Il mondo consumato come una candela

Ogni anno il Natale ci pone di fronte al nostro bisogno di simboli. Il mercato se ne prende gioco mentre fa di tutto per autoalimentarsi e mantenere al potere le élite che lo governano: vendere cose che non esistono (migliaia…

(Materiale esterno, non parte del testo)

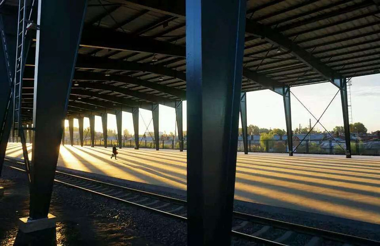 1、专列到达建三江车站,太阳刚升起,站台上洒满了金黄色的阳光
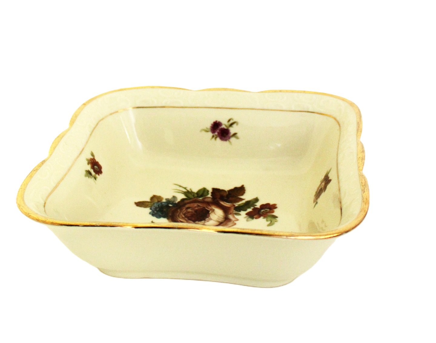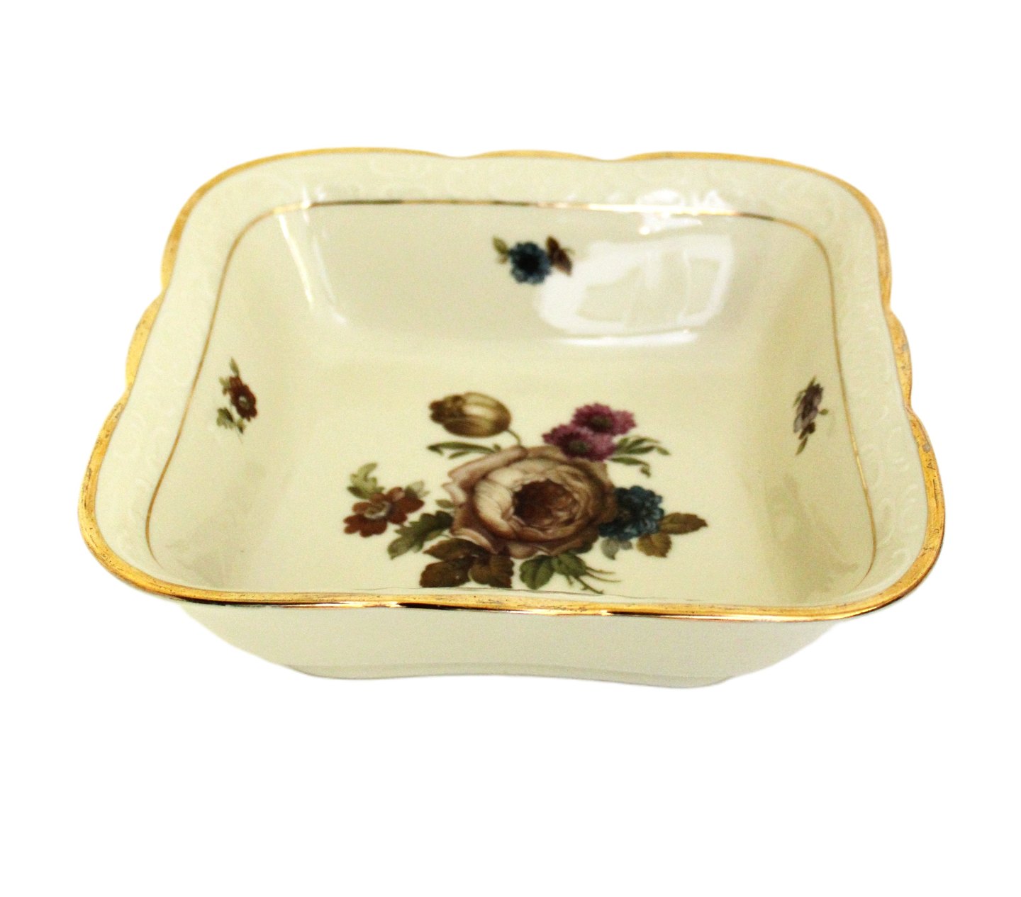 Kjøbenhavns Porcellains Maleri, Rosenborg, Kartoffelskål. Højde 6,5 cm. 21,5 cm. x 21,5 cm. Lettere slitage på yderste guldkant. Pris: 150 kr. stk. Lager: 2
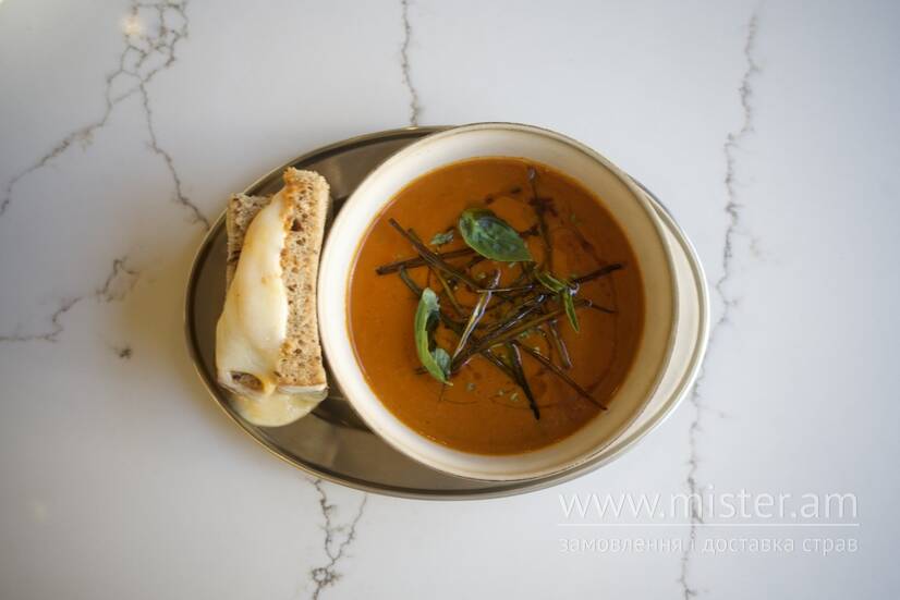 В основі супа: печені томати, перець, морква, цибуля часник та томати пелаті. Додаємо свіжий базилік та тимʼян . Подаємо з кріспі цибулею порей, базиліком та сирним тостом.
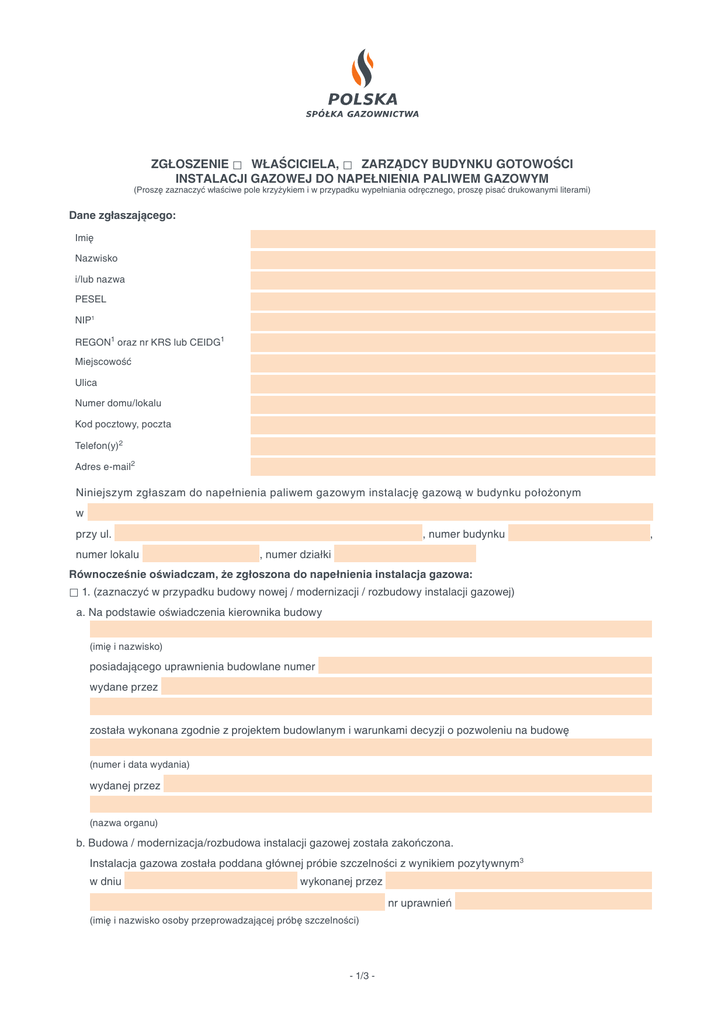 ZGŁOSZENIE ⃞ WŁAŚCICIELA, ⃞ ZARZĄDCY BUDYNKU GOTOWOŚCI INSTALACJI GAZOWEJ DO NAPEŁNIENIA PALIWEM GAZOWYM (Proszę zaznaczyć właściwe pole krzyżykiem i w przypadku wypełniania odręcznego, proszę pisać drukowanymi literami) Dane zgłaszającego: Imię Nazwisko i/lub nazwa PESEL NIP1 REGON1 oraz nr KRS lub CEIDG1 Miejscowość Ulica Numer domu/lokalu Kod pocztowy, poczta Telefon(y)2 Adres e-mail2 Niniejszym zgłaszam do napełnienia paliwem gazowym instalację gazową w budynku położonym w , numer budynku przy ul. numer lokalu , numer działki Równocześnie oświadczam, że zgłoszona do napełnienia instalacja gazowa: ⃞ 1. (zaznaczyć w przypadku budowy nowej / modernizacji / rozbudowy instalacji gazowej) a. Na podstawie oświadczenia kierownika budowy (imię i nazwisko) posiadającego uprawnienia budowlane numer wydane przez została wykonana zgodnie z projektem budowlanym i warunkami decyzji o pozwoleniu na budowę (numer i data wydania) wydanej przez (nazwa organu) b. Budowa / modernizacja/rozbudowa instalacji gazowej została zakończona. Instalacja gazowa została poddana głównej próbie szczelności z wynikiem pozytywnym3 w dniu wykonanej przez nr uprawnień (imię i nazwisko osoby przeprowadzającej próbę szczelności) - 1/3 - , c. U waga: W przypadku budowy przyłącza gazowego proszę podać numer umowy o przyłączenie do sieci gazowej oraz jej datę zawarcia Jednocześnie oświadczam, że: ⃞ 1. jestem w posiadaniu pozytywnego protokołu/opinii z odbioru końcowego kominów z przewodami wentylacyjnymi, spalinowymi4 numer oraz i/lub opinii kominiarskiej z dnia 4 sporządzonych przez potwierdzających wykonanie przewodów wentylacyjno-spalinowych zgodnie z projektem budowlanym, ich drożność oraz prawidłowość podłączenia i użytkowania urządzeń gazowych. ⃞ 2. (zaznaczyć w przypadku, gdy na istniejącej instalacji gazowej prowadzone były prace lub i gdy okres wyłączenia instalacji gazowej z użytkowania był dłuższy niż 6 miesięcy) a. instalacja gazowa została poddana głównej próbie szczelności z wynikiem pozytywnym3 w dniu wykonanej przez nr uprawnień (imię i nazwisko osoby przeprowadzającej próbę szczelności) b. jestem w posiadaniu pozytywnego protokołu / opinii z odbioru końcowego kominów z przewodami kominowymi, wentylacyjnymi, spalinowymi4 numer oraz i/lub opinii kominiarskiej z dnia 4 sporządzonych przez potwierdzających wykonanie przewodów wentylacyjno-spalinowych zgodnie z projektem budowlanym, ich drożność oraz prawidłowość podłączenia i użytkowania urządzeń gazowych. ⃞ 3. (zaznaczyć w przypadku, gdy okres wyłączenia instalacji gazowej z użytkowania był krótszy niż 6 miesięcy i nie prowadzono prac na instalacji gazowej) instalacja gazowa nie została wyłączona z użytkowania na okres dłuższy niż 6 miesięcy i nie prowadzono na niej prac Przyjmuję do wiadomości, że złożenie oświadczenia niezgodnego z prawdą może spowodować odpowiedzialność przewidzianą w przepisach prawa, również w przypadku roszczeń osób trzecich wobec przedsiębiorstwa gazowniczego. Zobowiązuję się, że na żądanie Polskiej Spółki Gazownictwa sp. z o.o. okażę wyżej wskazane dokumenty. Informacja o przetwarzaniu danych osobowych5 1.Administratorem danych osobowych przetwarzanych w celu napełnienia instalacji gazowej paliwem gazowym oraz marketingu własnych produktów i usług jest Polska Spółka Gazownictwa sp. z o.o. z siedzibą w Warszawie przy ul. Kasprzaka 25. Podanie tych danych jest niezbędne do realizacji ww. celów i wynika z art. 23 ust. 1 pkt 2 ustawy z dnia 29 sierpnia 1997 r. o ochronie danych osobowych (t.j. Dz. U. z 2016 r. poz. 922) oraz § 46 pkt 4 Rozporządzenia Ministra Spraw Wewnętrznych i Administracji z dnia 16 sierpnia 1999 r. w sprawie warunków technicznych użytkowania budynków mieszkalnych (Dz. U. z 1999 r. Nr 74, poz.836). 2.Zgłaszającemu przysługuje prawo dostępu do treści swoich danych oraz ich poprawiania. Miejscowość, data Czytelny podpis właściciela budynku Pieczęć i podpis Zarządcy budynku Podstawa prawna: 1. Rozporządzenie Ministra Spraw Wewnętrznych i Administracji z dnia 16 sierpnia 1999 r. w sprawie warunków technicznych użytkowania budynków mieszkalnych (Dz.U. z 1999 r. Nr 74, poz. 836). 2. Ustawa z dnia 7 lipca 1994 r. Prawo budowlane (Dz. U. z 2013 r. poz. 1409 tekst jednolity z późn. zm.). - 2/3 - 1. Dotyczy podmiotów niebędących konsumentami, w tym osób fizycznych prowadzących działalność gospodarczą. 2. Pole nieobowiązkowe w przypadku osób fizycznych prowadzących i nieprowadzących działalności gospodarczej. 3. W przypadku gdy instalacja gazowa nie została napełniona paliwem gazowym w okresie 6 miesięcy od daty przeprowadzenia głównej próby szczelności – próbę tę należy przeprowadzić ponownie. 4. Protokół oraz opinię kominiarską mogą sporządzić i podpisać osoby posiadające odpowiednie uprawnienia. 5. Dotyczy osób fizycznych prowadzących i nieprowadzących działalności gospodarczej. WYPEŁNIA PRZEDSIĘBIORSTWO GAZOWNICZE PRZYJMUJĄCE WNIOSEK Wniosek przyjęto w: Nazwa komórki organizacyjnej, data wpływu Podpis, pieczątka pracownika Nr wniosku (obrót) Nr wniosku (Polska Spółka Gazownictwa) Właściwy Zakład Polskiej Spółki Gazownictwa Nazwa Gazowni, data wpływu, podpis pracownika Gazowni - 3/3 -
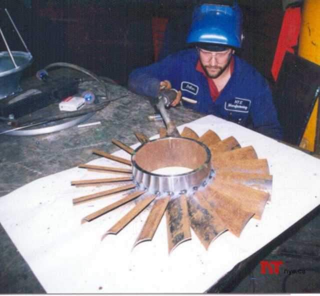 The fan is being assembled and welded by our expert Art. (Same guy who polished Squirt2).

Tratto da Altreconomia 111 — Dicembre 2009

Ogni anno il Natale ci pone di fronte al nostro bisogno di simboli. Il mercato se ne prende gioco mentre fa di tutto per autoalimentarsi e mantenere al potere le élite che lo governano: vendere cose che non esistono (migliaia di contratti futures su barili di petrolio virtuali, ad esempio), far passare per affari i rischi altrui (come i famigerati derivati, o tanti altri prodotti di finanza speculativa), spacciare i sogni (come i mutui subprime o le carte di credito), venderci cose già nostre (come l’acqua), svendere servizi pubblici che funzionano, costano poco e tutelano i diritti, per far guadagnare i privati (per poi abusare della parola “liberalizzazione”, come se questa avesse a che fare con la libertà). E il mercato ci riempie di oggetti sapendo bene che ce ne libereremo il prima possibile (è l’obsolescenza programmata di cui parliamo da pagina 8). Lo spreco indotto dal mercato, quello che vediamo ogni anno a Natale, è un’arma di distruzione di massa che devasta il pianeta. Eppure la ripresa dei consumi è idolatrata come il dio che ci porterà fuori dalla crisi. O, almeno, da questa, in attesa di una nuova.
Ecco, noi non utilizziamo più gli oggetti. Noi li consumiamo, noi consumiamo il mondo proprio una candela come si consuma, simbolo votivo molto più natalizio di qualsiasi albero.
Al mercato noi vorremmo per una volta contrapporre simboli e significati. Già negli anni 70 e 80 lo psicoanalista americano James Hillman sosteneva che molti dei problemi psicologici della modernità nascono dal degrado dell’ambiente e dalla sua “povertà simbolica”. Quella della società dei consumi è una vana fuga dagli dei (Adelphi, 1991): tutti abbiamo bisogno di un ordine simbolico ed è pura illusione farne a meno, sostituendo i simboli con gli oggetti neutri del consumo. Gli oggetti non sono neutri, la trasformazione dell’ambiente e del paesaggio ha conseguenze dirette sulla nostra umanità sociale e psicologica. Scrive Hillman, citando Jung: “Gli dei sono diventati malattie. La causa dei nostri malesseri non sono immaginarie, bensì immaginali”. E per questo, dobbiamo riscoprire anche il senso della parola. “Con le parole -scrive ancora Hillman- noi possiamo modificare la realtà; possiamo far esistere, possiamo plasmare e modificare la struttura e l’essenza stessa del reale. L’arte della parola diventa modalità primaria per far muovere la realtà”. Ma se le realtà ultime sono solo gli oggetti, le cose, gli eventi materiali -cose morte, fuori da noi- allora il discorso non ha più alcuna efficacia. Flatus vocis, parole vuote, fiato sprecato.
Il consumismo, che ha il suo idolo -non il simbolo- nell’albero di Natale (carico di rifiuti in realtà, come quello che abbiamo messo in copertina) ci ha ammutolito.
In nome del mercato è stato fiato sprecato il vertice Fao sull’alimentazione di novembre, che avrebbe potuto contribuire a salvare milioni di vite umane. Fiato sprecato sarà probabilmente il vertice sul clma di Copenhagen, annichilito prima di iniziare dalle posizioni cinesi e americane. Riprendiamoci la parola, e con essa le nostre responsabilità.